— Воля твоя, болярин, строим — не ленимся. Не наша вина в том, что нарушили ряду, — теребя бороду, оправдывался перед Чукой староста мостников. — Лес нам не подвезли вовремя, долго сваи били… Земля в Чертолье крепче камню…
— То-то бы ленились, — продолжал недовольно ворчать Чука. — Молвлю я вам, молодцы удалые, так: не откроете езду по мосту к Покрову, сидеть вам в порубе. На хлеб да на воду посажу, квасу не велю давать…
На взгорье Боровицкого холма, по Неглинке, тын ставили нынешним летом. Острог его то поднимается вверх, обходя глубокие промоины и овражки на склоне, то сбегает к самому низу, ко мхам. Берег Москвы-реки, от устья Неглинки до Яузы, между рекою и взгорьем, зарос тощим редким хвощом и осокой. И летом не пересыхают на берегу зыбкие, ржавые родники, теперь же, когда моросят осенние дожди, нет ни прохода по берегу, ни проезда. Возвращаясь с Чертолья в Кремник, Чука думал: «Не худо бы по топи, вдоль острога, настлать мостовую… Не худо бы, а не дошли руки».
Над Чертольскими воротами стрельница срублена без углов, с резными кокошниками. Высокой иглой возносится над нею шатер; на вершине его поскрипывает на железном штыре зеленый прапорец.

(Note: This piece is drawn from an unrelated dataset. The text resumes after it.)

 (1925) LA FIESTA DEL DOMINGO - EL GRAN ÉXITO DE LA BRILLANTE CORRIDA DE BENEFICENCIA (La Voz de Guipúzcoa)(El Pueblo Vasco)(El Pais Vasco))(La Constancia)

Чука полюбовался на стрельницу. Хоть и ругался он с мастерами, но про себя гордился их искусством. В стрельнице Чука заглянул в боковые подклеты — там полно щепы. Рассердился, позвал воротных сторожей.

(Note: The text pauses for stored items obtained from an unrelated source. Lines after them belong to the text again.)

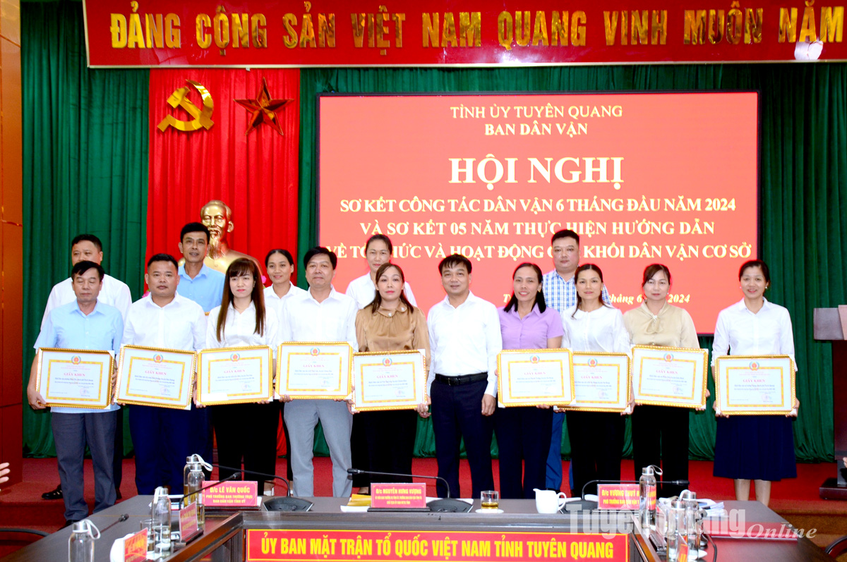 Nhân dịp này, Ban Dân vận trao Giấy khen tặng 52 tập thể và 52 cá nhân Khối Dân vận cơ sở có thành tích xuất sắc trong hoạt động Khối Dân vận cơ sở giai đoạn 2019-2024.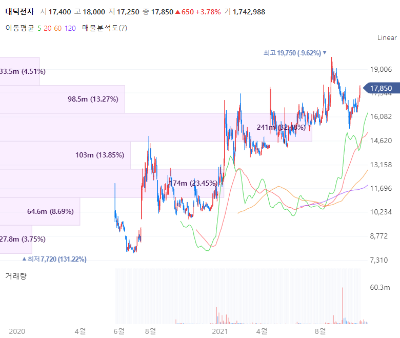대덕전자는 2005년 인적분할로 설립된 신설회사로 재상장했으며 대덕의 사업 중 PCB(인쇄회로기판)을 담당합니다. 반도체 및 Mobile 통신기기 등 각 분야에 걸쳐서 첨단 PCB를 공급하고 있으며 대덕전자는 그중에서도 PC의 중앙처리장치(CPU)용 반도체 기판(FC BGA)을 주력으로 생산합니다. 특히나 재택근무 등이 늘어나면서 PC의 신규 및 교체 수요가 급증에 따라 수혜를 보았으며 새로 투자한 반도체 기판은 PC에 이어 서버, 게임콘솔, 자율주행 등 다양한 분야로 쓰임새로 확대되었습니다. 아울러 대덕전자의 올해 매출 9700억원, 영업이익 590억원을 기록할 전망이 나옵니다.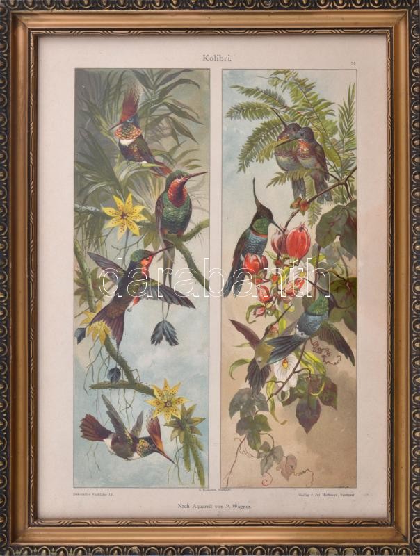 Leírás: cca 1895 Kolibri, a Dekorative Vorbilder sorozatból, P. Wagner munkája, nyomat, papír. 34x25 cm, üvegezett fakeretben

— О-ох, люди добрые! Небось ведь спины у вас болят от безделья, — встретил он прибежавших на зов воротных. — Сколько времени лежать щепе?.. Все подклеты захламлены. Нынче же носите щепу на топь, к реке! Приду после да найду что — не помилую!
Пока он шумел с воротными, из хором прибежал отрок.

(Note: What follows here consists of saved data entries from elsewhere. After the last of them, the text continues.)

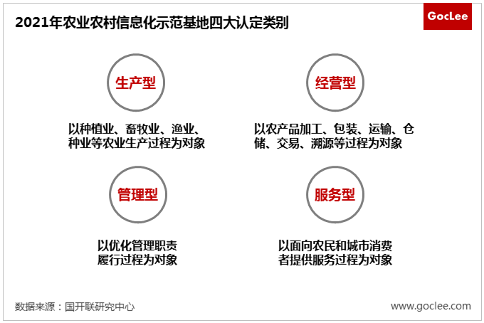 其中,在示范基地的認(rèn)定類別方面做出了較大的修訂。2021年農(nóng)業(yè)農(nóng)村信息化示范基地認(rèn)定辦法將類別調(diào)整為“生產(chǎn)型、經(jīng)營型、管理型、服務(wù)型” 四大類別。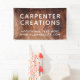 Stylish Modern Wooden Carpentry Construction Business Banner Sign features a stylish wooden furniture pattern background with your company name, website or custom text. Personalise by editing the text in the text box provided. Designed by ©Evco Studio www.zazzle.com/studio/evcostudio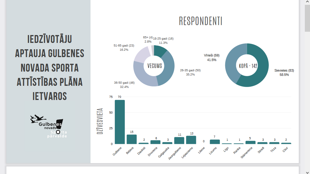 “Gulbenes novada Sporta attīstības plāna 2022.-2027.gadam” izstrādes procesā ir noslēgusies iedzīvotāju aptauja un apkopoti respondentu rezultāti. Par to informē gulbenes novada pašvaldība.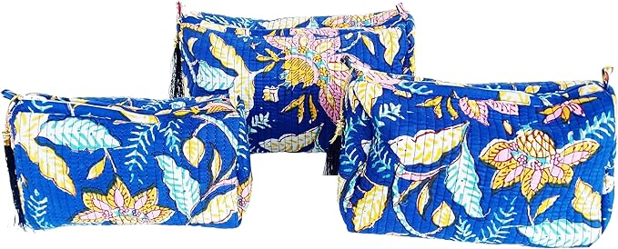 Rastogi Handicrafts Cosmetic Bags Set, 3 Piece Make Up Organizer Bag Storage Bags With Zipper Closure (3, Blue, Design-1)

— Гонец к тебе, болярин, — запыхавшись, еле вымолвил он.
Чука поднял бороду, взглянул на отрока и махнул воротным: идите, мол!
— Откуда гонец? — спросил.
— От князя Александра Ярославича.
— От князя Александра?! — всплеснул руками Чука.
— Будет нынче он на Москве.
От Чертольских ворот, из-за сосен, что шумят по взгорью в ограде, не видно княжих хором. Они на холме. Тропа от ворот к хоромам огибает рощу. Срублены хоромы из дуба. От хором, с высоты холма, как на ладони луга и болота Замосковья; видно дальние леса, посад за торгом, по Яузе. По внешнему виду княжие хоромы мало отличаются от посадских изб, только и особицы — слюдяные оконницы да резной теремок над крыльцом поблескивает медным гребнем. Когда Чука обогнул рощу, Ивашко рассказывал что-то стоявшим около него отрокам. Тут же, у крыльца, оседланный конь. Завидев воеводу, Ивашко пошел навстречу. Не дожидаясь, пока воевода спросит его, поклонился:
— Князь Александр Ярославич послал меня к тебе, воевода. Идет он поездом из стольного Владимира на Великий Новгород. Нынче будет в Москву.
— Где ты оставил поезд?
— Ввечеру на Клязьме.
— Спасибо, молодец, упредил, — сказал Чука. — Честью встретим Александра Ярославича. Иди в дружиничью избу, отдыхай; коня твоего уберем, не имей заботы.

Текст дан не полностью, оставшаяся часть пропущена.